In response to your last suggestion Dalvyn, I think one thing that could help that out a lot would be to connect the evil areas far more than they are at the present. Making the Underdark more easily traversible for it's inhabitants, making it so that you don't need to be level 50 and have completed the entire Undermountain quest (which many many people have not done and which the evil characters, the monstrous races, the very people who would *want* to get down to Skullport can almost never do simply because it's located in the middle of Waterdeep and they can't enter the city) to get down there, connect these areas to places under Zhentil Keep and Westgate via the sewer systems or the catacombs beneath the cities, etc... and you can tie together all of these evil-themed places and open up a lot of opportunities for evil players. In regular tabletop D&D, players go into the Underdark from level 6+ in a lot of modules, which if we figure our own level 50 being analagous to level 20, would be equal to a level 15 character here. Make a lot more of the Underdark that is like (what I've heard) the first level of Undermountain is like, and you'll see more players going there.Dalvyn wrote:- What to do about low stats ?
The new system allows someone to select a very low Charisma and/or a very low Wisdom with few negative consequences. Currently, they will only miss on several quests (and maybe get worse prices in shops); but I believe the consequences should be way bigger (compare it with penalties for low Strength about how many things you can carry and melee damage, or penalties for low Dexterity about how many things you can have in your inventory and AC, or penalties for low Constitution and hit points and move points, or penalties on the learning rate from low Intelligence).
- Holes and bugs.
Something I hate to see is: experienced players using their knowledge of "holes" in the system or "bugs" in areas to gain unfair advantages instead of reporting it. An example: an experienced player making a lowbie wizard and asking a high level fighter to raze again and again the basement of the House of Wonder to find weapons and shields that can then be sold. It makes no sense that a school would ask you for a 2 platinum fee then later allow you to steal items for 20+ platinum from the dummies set up for training. It might be a good idea to set up an easy channel (mail address or something else) to report such "holes", and a relatively quick process to fix them.
- Needed areas.
In some sense the counterpart to the previous point (which basically aimed at removing holes that only experienced players would know and (ab)use): what kind of areas do we need? I would guess something for level 5-15 characters to make coin. Are there other niches that need to be filled?

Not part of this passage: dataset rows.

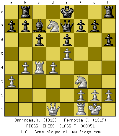 Last move : 1-0 2008 March 24 4:59:42 [Event "FICGS__CHESS__CLASS_F__000051"] [Site "FICGS"] [Date "2007.12.04"] [Round "1"] [White "Barradas,Anderson"] [Black "Perrotta,John Zach"] [Result "1-0"] [WhiteElo "1312"] [BlackElo "1319"] 1.d4 d5 2.c4 c6 3.Nc3 Nf6 4.Nf3 e6 5.Bg5 dxc4 6.e4 h6 7.Bxf6 Qxf6 8.Bxc4 Bb4 9.e5 Qe7 10.O-O Nd7 11.a3 Ba5 12.b4 Bc7 13.Ne4 Nb6 14.Rc1 Nxc4 15.Rxc4 Bd7 16.Nc5 Rb8 17.Nxd7 1-0 This chess game has been lost on time (started : 2007.12.04 9:50:54) QGD Slav defense Kingside Castling by player White (move 10) Player White won this chess game. Follow this game move after move (download)I thought the most common mistake [in chess] was the first one: Learning the game :P (Garvin Gray, FICGS forum) Schach ist ein Teil der Kultur, und wenn es mit der Kultur abwärts geht, geht es auch mit dem Schach abwärts. (Mikhail Moiseyevich Botvinik) El Ajedrez es un expediente tonto que hace creer a la gente inactiva que hacen una cosa muy astuta cuando solamente estan perdiendo su tiempo. (George Bernard Shaw) On entre au jeu d'Echecs comme on entre en Religion. Pour le joueur d'Echecs, la partie d'Echecs c'est l'office, la messe, le défilé du 1er Mai, le dépôt de gerbe au Monument aux Morts. C'est un drame sacré. (Michel Roos) The bottom line is always the bottom line. (Johann Piek)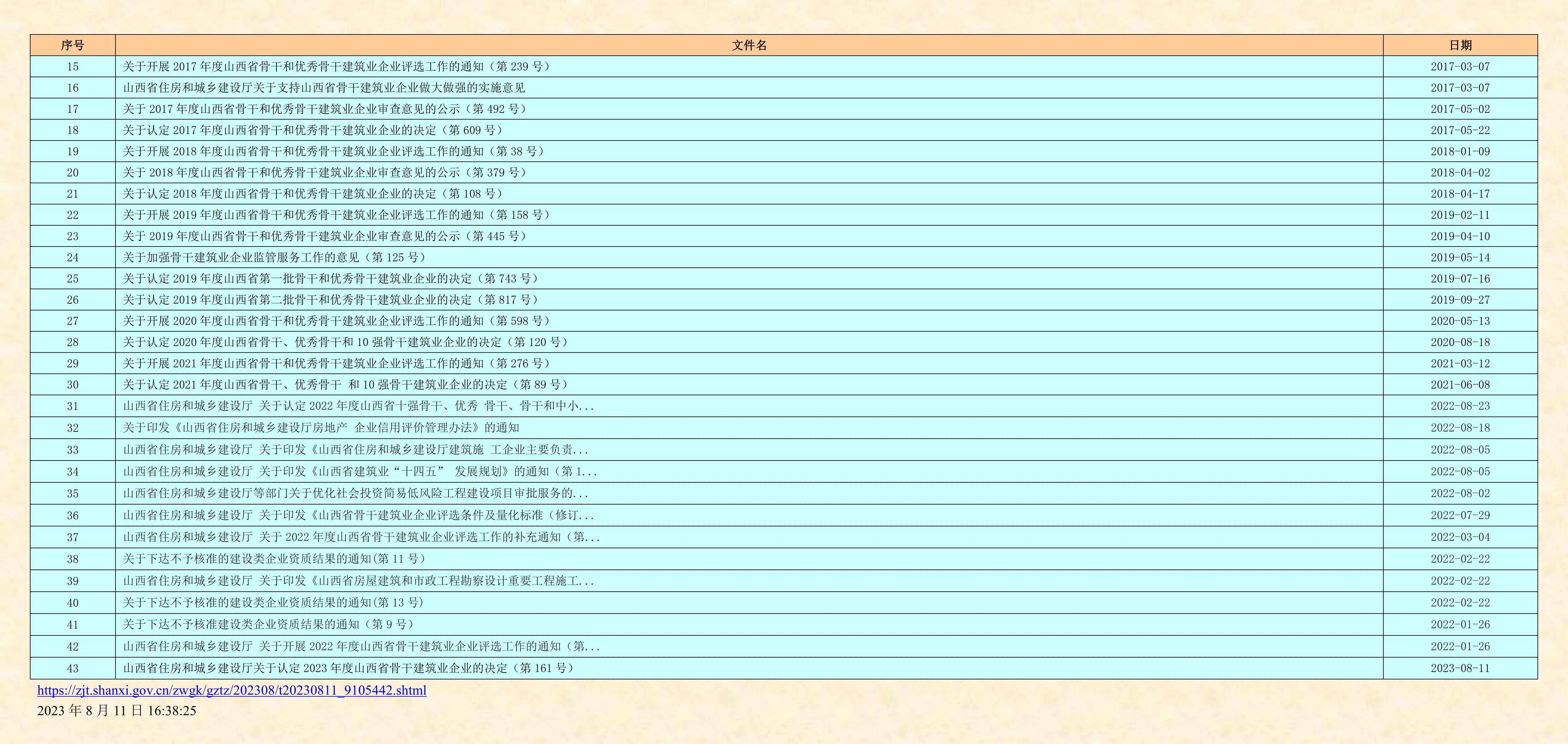 今天,省住建廳公布了2023年度山西省骨干建筑業(yè)企業(yè)名單。這是從2013年開始連續(xù)十一年第12次對全省建筑業(yè)企業(yè)的又一次檢驗和認定!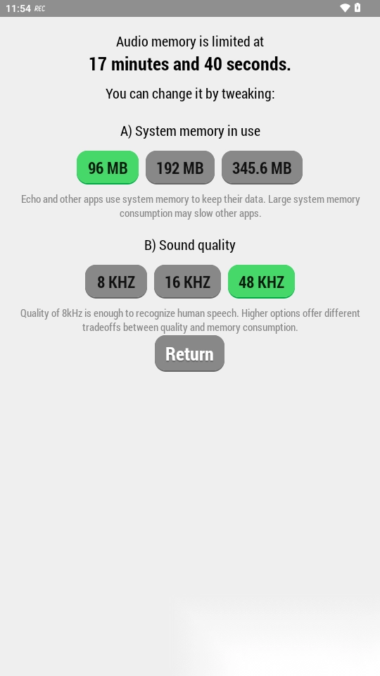 在设置页面,可以修改音频内存限制,最大 460.8MB 可以录制 70 分钟。

- Where to put the effort (and the players)?
We currently have roughly 3 or 4 parts in FK. Waterdeep-Silverymoon-Golden Oak-Shadowdale, the "Good"; Zhentil Keep - Westgate, the "Evil"; Skull Port; and Menzo. As far as I know, the Good have nearly all the areas (including shops, trainers, quests, ...) they need. This might not be the case for the other three parts. Now, should we spread the (currently very limited) building efforts between all those parts, or should we concentrate on some parts and perhaps give up on others (for now), either for lack of building resources, or for lack of players, or for both? Plus a similar question from an imm resource point of view (create roleplays for all four parts or concentrate on some of them only).
There's also the city of Ched Nasad which has a lot of opportunities for evil players, especially Drow and Half-Drow, the Orc Camp which is a major center for the monstrous races and should possibly grow to give all of them more opportunities, and there are more areas on the drawing board as well, it's just a matter of getting them in the game in some cases. It would be extremely simple to come up with a few thousand rooms of a sort of "Underdark Wilderness" which could connect a lot of these disparate places in much the same way that the wilderness of the surface with only a few different room descs and a few different monsters to throw some danger in there connects the surface. I know I, and probably many others, would be more than willing to work on getting a few thousand rooms in if it would make it easier for us all to play our characters.
I'm not suggesting the Underdark be a cakewalk, but it should be relatively simple to let people know that there are dangerous areas of it and simpler areas, the paths between cities which are plied by merchants should be relatively safe. So like a surfacer lowbie, I might walk far around on plains and roads for the safety of my trip rather than take the short cut across the mountains and fight giants, we could arrange for something similar below ground, taking well-defined "merchant paths" that stretch far and wide rather than running through the real Underdark wilderness. Allow for players of evil characters both above and below the surface to have access to one another, to join together in RP and the like and you'll see a big flowering of evil RP.
The Underdark is a big part of the Forgotten Realms, and it's easily the most popular of the climate/culture areas in that setting. One need only look at the number of modules and supplementary books out about the Underdark and it's races and cities to see that this is the case. One never needs to wonder why more people visit surface cities than Skullport; as a Drow to get to Skullport, there was almost literally no way I could have made it there without someone (not a normal PC as there were none active when I was looking to get there) explaining the way to me, especially as someone who had never had a surface character and was unfamiliar with Undermountain. On the surface, most of the major cities are shown with roads on a map that's available on the website to which anyone has access, the reason for the disparity is obvious. A good newbie born up there has free reign of the surface along the roads to every city up there without fighting anything worse than a bandit, to all of the skills, quests and equipment there. Every evil city in contrast often needs to be an entire world to itself, even though that is definetely not the building philosophy of the game, no area can be a one stop shop, even a very large area.
I could probably say a lot more but I'll end it there and see what some other people think about it, it's certainly ripe for discussion and I'd like to hear what some of the evil people from the surface think about more interaction between evil cities above and below ground.